In the material below, write out each line word for word and omit the pictures.
[[ THE DATA, beginning ]]
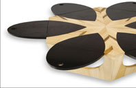 Diawali dari ketertarikan kepada mandolin sebagai sebuah instrumen musik tradisional, pemikiran visualisasi coff ee table ini tercipta. Selanjutnya, keunikan penampilan instrumen musik ini dibawa menjadi sebuah inspirasi dan analogi bentuk, untuk dirancang menjadi coff ee table. Coff ee table dangan karakter kayu yang ‘glam’ ditampilkan melalui pemilihan spesies kayu American Ash yang memiliki karakter tekstur serat kayu lurus, daya tahan yang baik, serta warna light. Bentuknya yang tipis memberikan kesan ringan terhadap bidang yang luas. Selain itu, elemen lingkaran lubang yang memperkuat sisi bentuk instrumen mandolin, memberikan aksen tersendiri pada ‘top’ coff ee table ini. ini dibawa menjadi sebuah inspirasi dan analogi bentuk, untuk dirancang menjadi coff ee table. Coff ee table dangan karakter kayu yang ‘glam’ ditampilkan melalui pemilihan spesies kayu American Ash yang memiliki karakter tekstur serat kayu lurus, daya tahan yang baik, serta warna light. Bentuknya yang tipis memberikan kesan ringan terhadap bidang yang luas. Selain itu, elemen lingkaran lubang yang memperkuat sisi bentuk instrumen mandolin, memberikan aksen tersendiri pada ‘top’ coff ee table ini.
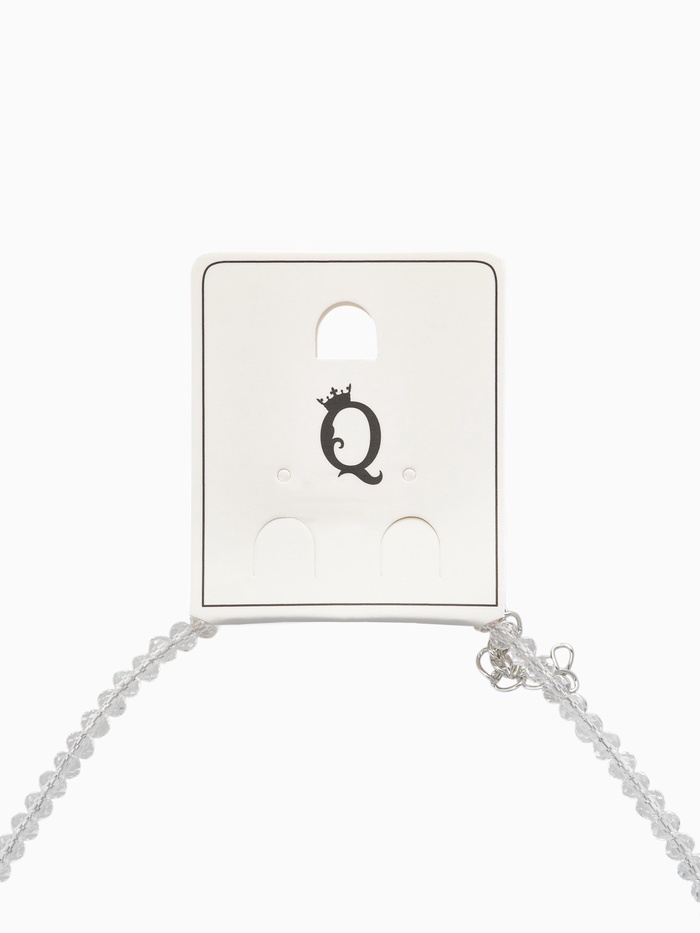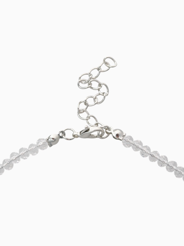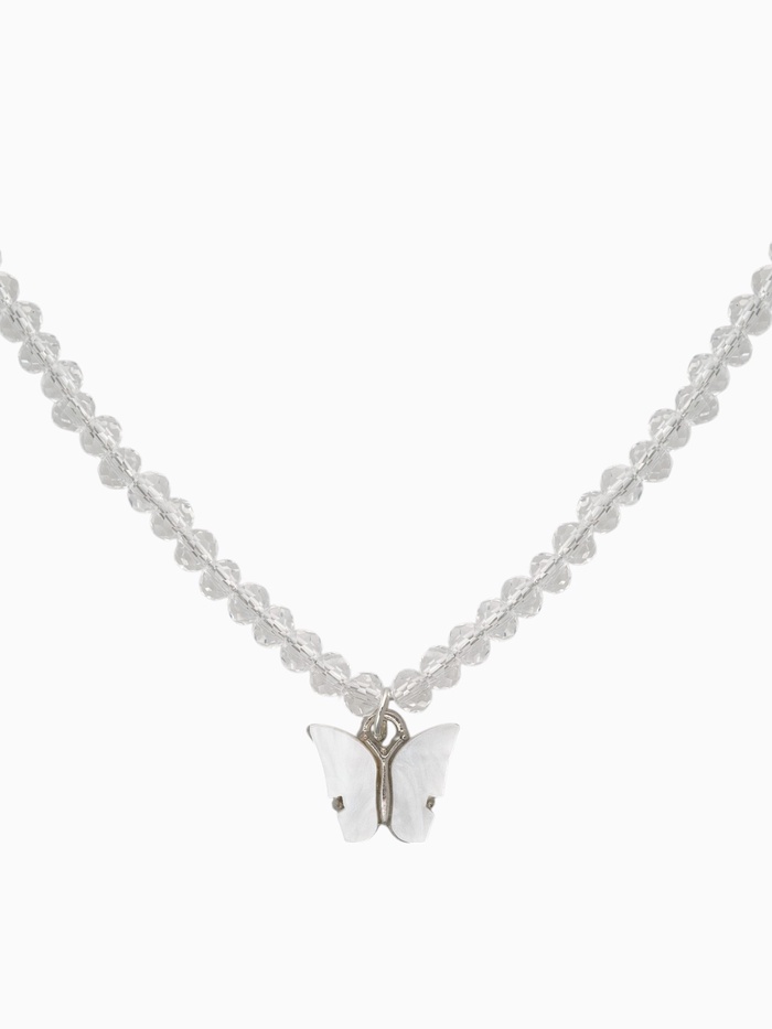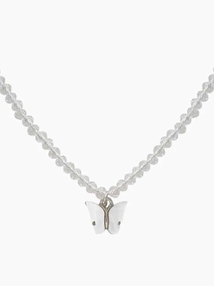 Чокер выполнен из высококачественного стекла, покрытого серебристым напылением, что создаёт эффект хрусталя, мерцающего при свете. Центральным элементом композиции выступает фигурка бабочки, исполненная в технике полистоуна, придавая изделию объем и реалистичность. Нежные переливы белых камней добавляют дополнительный шарм и позволяют украшать собой любой наряд.
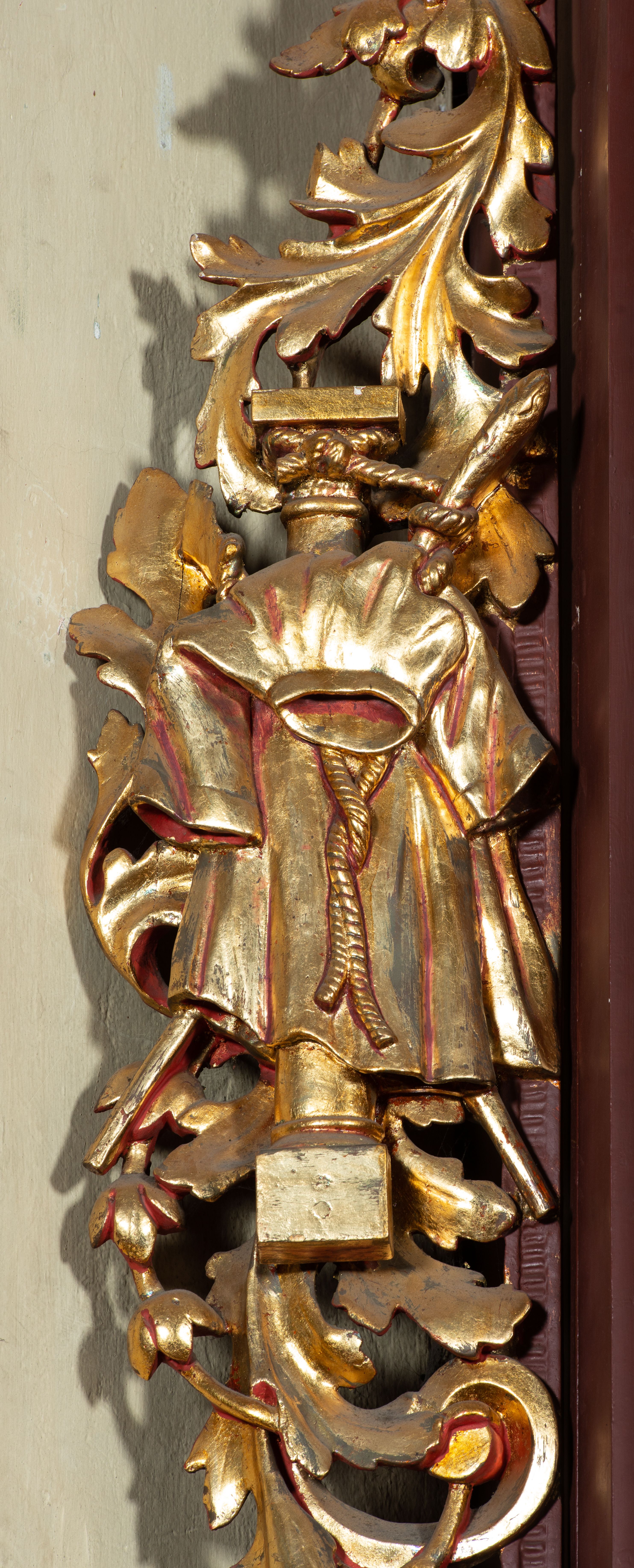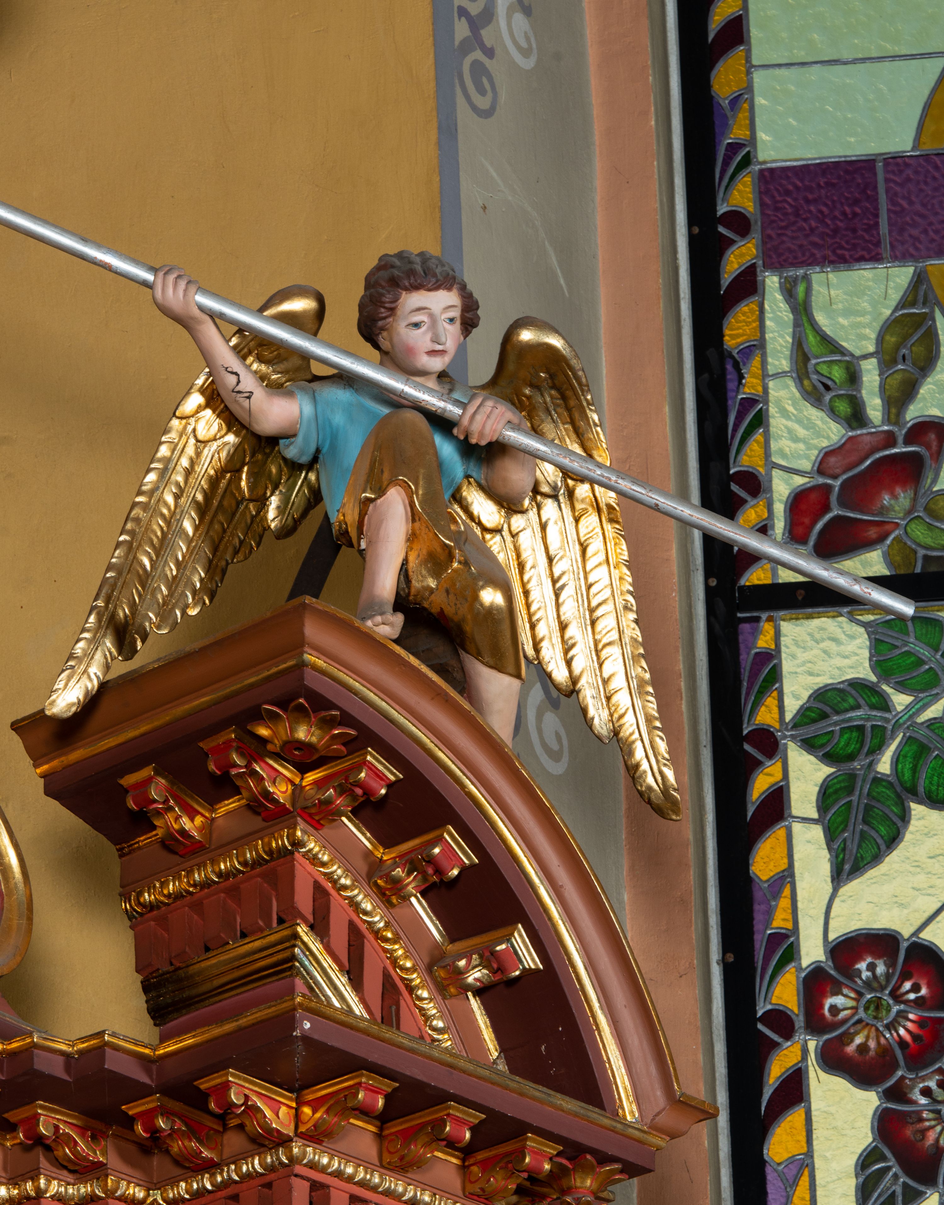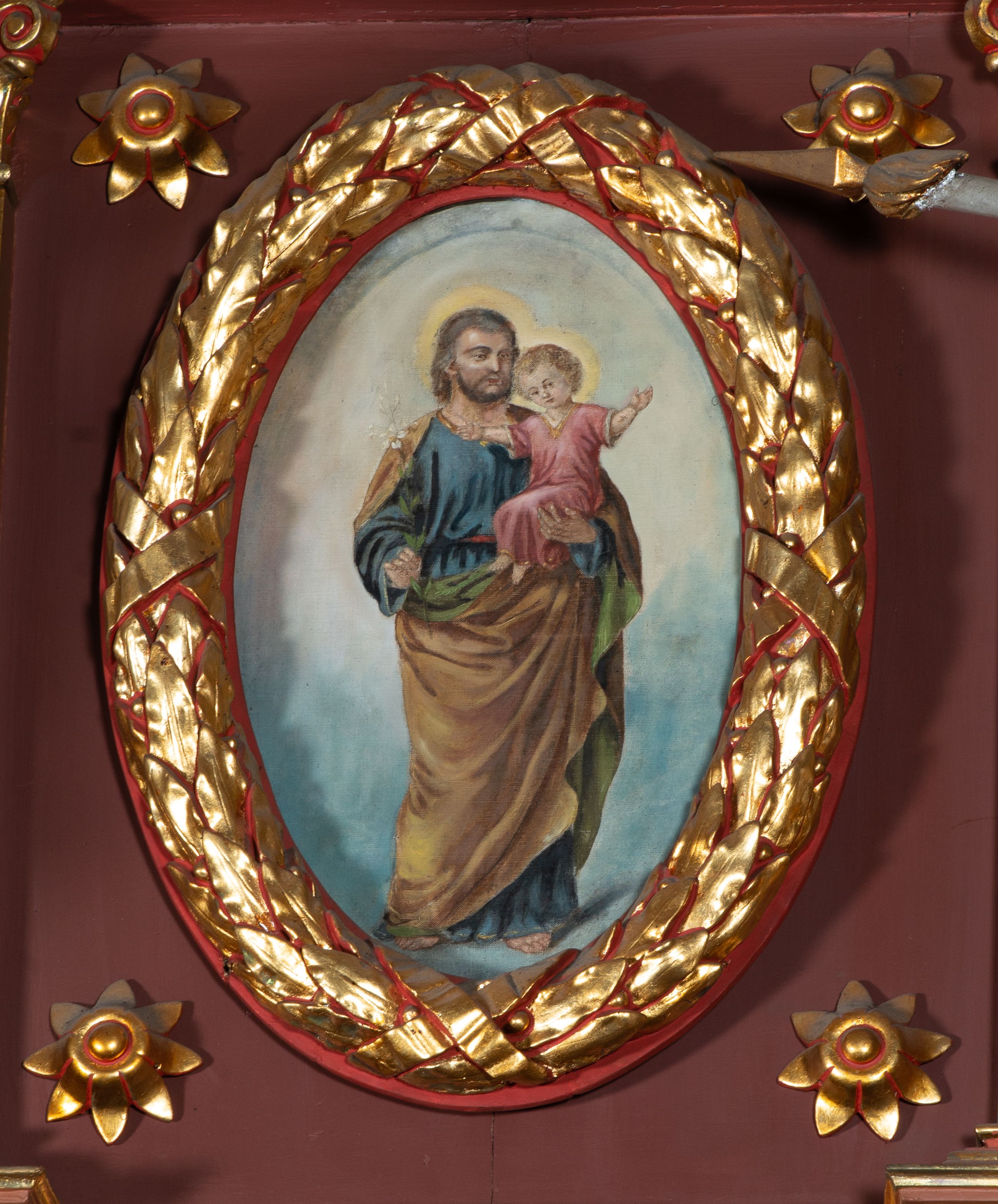 Struktura retabulum utrzymana jest w odcieniach brązu, partie detalu architektonicznego i ornamentyka są złocone.
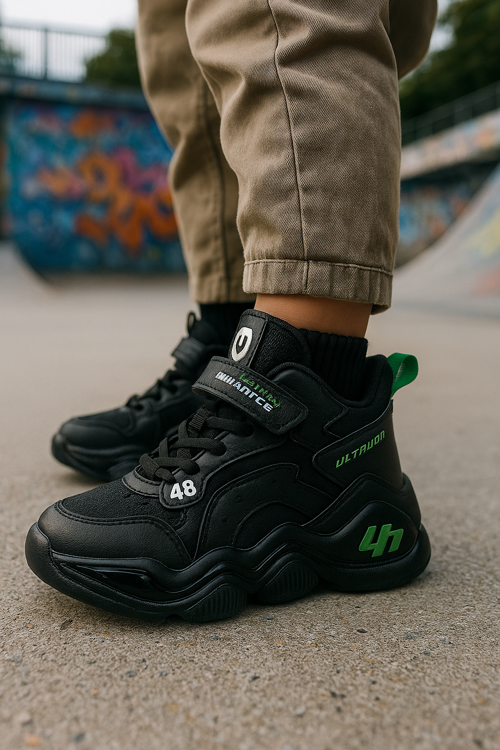 Su diseño completamente negro con detalles en verde neón crea un look poderoso, moderno y pensado para los niños y niñas que aman destacar sin esfuerzo.
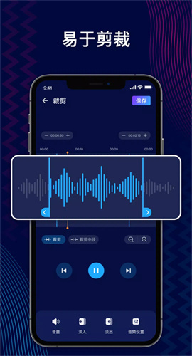 1、精准音频剪辑:该软件的音频剪辑功能达到专业级别,裁剪范围可精确到毫秒级,配合可视化音波图,能让用户清晰看到音频波形,精准定位裁剪位置。无论是裁剪音频首尾两端多余部分,还是截取中间特定区域,都能轻松完成,助力用户打造精准的音频片段。
[[ THE DATA, end ]]
PROBLEM SOLUTION:
 Diawali dari ketertarikan kepada mandolin sebagai sebuah instrumen musik tradisional, pemikiran visualisasi coff ee table ini tercipta. Selanjutnya, keunikan penampilan instrumen musik ini dibawa menjadi sebuah inspirasi dan analogi bentuk, untuk dirancang menjadi coff ee table. Coff ee table dangan karakter kayu yang ‘glam’ ditampilkan melalui pemilihan spesies kayu American Ash yang memiliki karakter tekstur serat kayu lurus, daya tahan yang baik, serta warna light. Bentuknya yang tipis memberikan kesan ringan terhadap bidang yang luas. Selain itu, elemen lingkaran lubang yang memperkuat sisi bentuk instrumen mandolin, memberikan aksen tersendiri pada ‘top’ coff ee table ini. ini dibawa menjadi sebuah inspirasi dan analogi bentuk, untuk dirancang menjadi coff ee table. Coff ee table dangan karakter kayu yang ‘glam’ ditampilkan melalui pemilihan spesies kayu American Ash yang memiliki karakter tekstur serat kayu lurus, daya tahan yang baik, serta warna light. Bentuknya yang tipis memberikan kesan ringan terhadap bidang yang luas. Selain itu, elemen lingkaran lubang yang memperkuat sisi bentuk instrumen mandolin, memberikan aksen tersendiri pada ‘top’ coff ee table ini.
 Чокер выполнен из высококачественного стекла, покрытого серебристым напылением, что создаёт эффект хрусталя, мерцающего при свете. Центральным элементом композиции выступает фигурка бабочки, исполненная в технике полистоуна, придавая изделию объем и реалистичность. Нежные переливы белых камней добавляют дополнительный шарм и позволяют украшать собой любой наряд.
 Struktura retabulum utrzymana jest w odcieniach brązu, partie detalu architektonicznego i ornamentyka są złocone.
 Su diseño completamente negro con detalles en verde neón crea un look poderoso, moderno y pensado para los niños y niñas que aman destacar sin esfuerzo.
 1、精准音频剪辑:该软件的音频剪辑功能达到专业级别,裁剪范围可精确到毫秒级,配合可视化音波图,能让用户清晰看到音频波形,精准定位裁剪位置。无论是裁剪音频首尾两端多余部分,还是截取中间特定区域,都能轻松完成,助力用户打造精准的音频片段。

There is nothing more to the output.